> _WHAT TO PRODUCE_:
The answer should hold only the lines from the one that contains "어번 아일랜드 풀 사이드에서는" through the last line of the material, repeated exactly, without pictures.

> _INFORMATION PROVIDED_:
[Start of section]
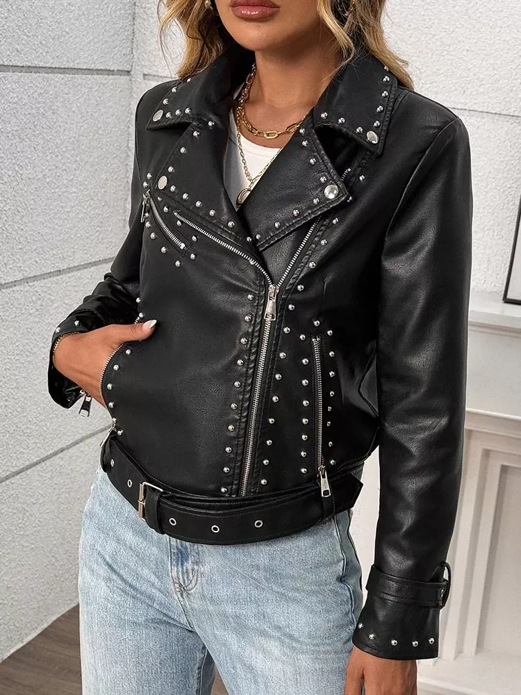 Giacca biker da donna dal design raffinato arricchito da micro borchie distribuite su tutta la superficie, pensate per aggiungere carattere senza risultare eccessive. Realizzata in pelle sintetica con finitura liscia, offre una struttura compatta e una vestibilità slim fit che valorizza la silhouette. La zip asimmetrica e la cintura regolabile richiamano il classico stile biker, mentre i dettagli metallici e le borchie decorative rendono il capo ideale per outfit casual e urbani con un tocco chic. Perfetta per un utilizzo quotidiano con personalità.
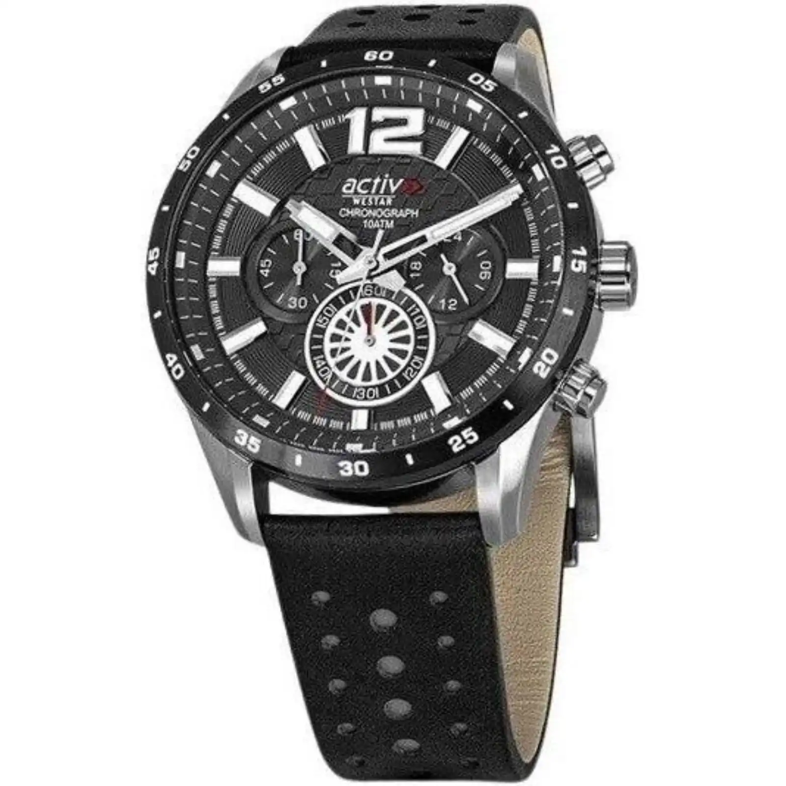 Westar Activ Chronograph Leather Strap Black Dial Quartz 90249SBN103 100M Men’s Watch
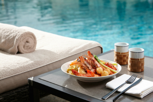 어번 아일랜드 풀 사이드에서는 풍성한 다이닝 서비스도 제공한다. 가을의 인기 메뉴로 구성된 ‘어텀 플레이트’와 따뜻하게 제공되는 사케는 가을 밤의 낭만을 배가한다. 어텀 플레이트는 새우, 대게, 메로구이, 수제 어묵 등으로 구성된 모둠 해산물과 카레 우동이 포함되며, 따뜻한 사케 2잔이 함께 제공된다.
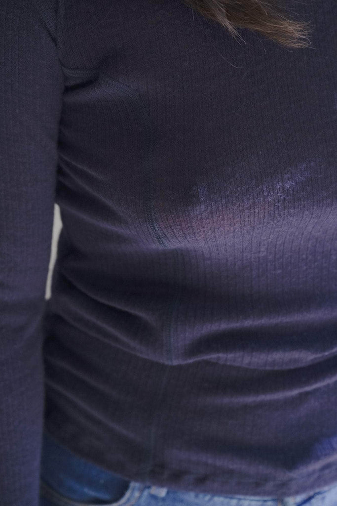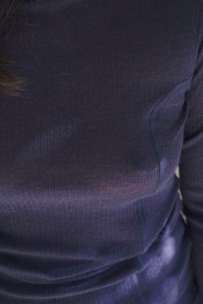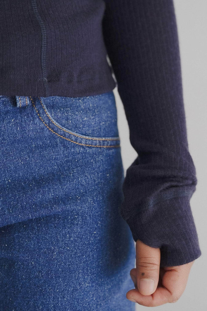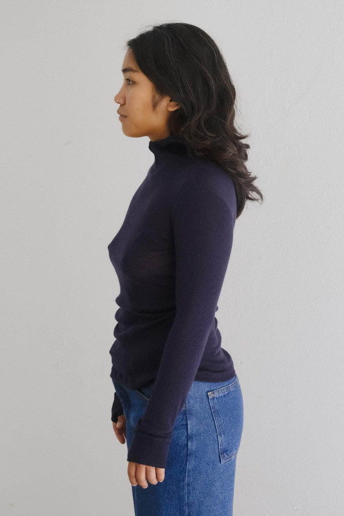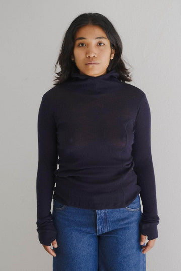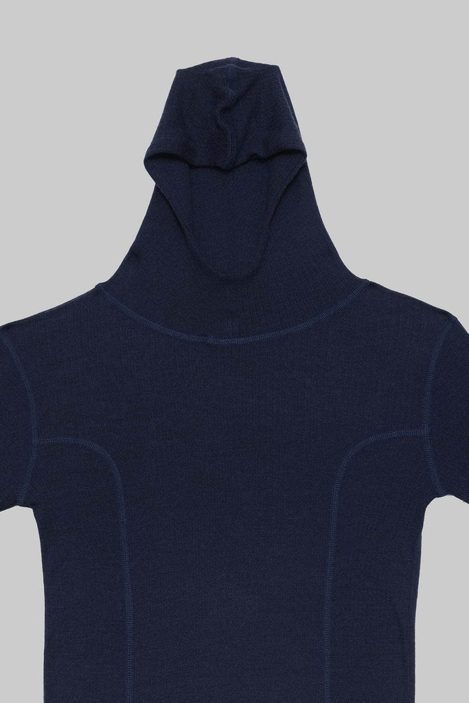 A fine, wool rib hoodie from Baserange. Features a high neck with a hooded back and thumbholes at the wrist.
[End of section]
> _WRITTEN REPLY_:
 어번 아일랜드 풀 사이드에서는 풍성한 다이닝 서비스도 제공한다. 가을의 인기 메뉴로 구성된 ‘어텀 플레이트’와 따뜻하게 제공되는 사케는 가을 밤의 낭만을 배가한다. 어텀 플레이트는 새우, 대게, 메로구이, 수제 어묵 등으로 구성된 모둠 해산물과 카레 우동이 포함되며, 따뜻한 사케 2잔이 함께 제공된다.
 A fine, wool rib hoodie from Baserange. Features a high neck with a hooded back and thumbholes at the wrist.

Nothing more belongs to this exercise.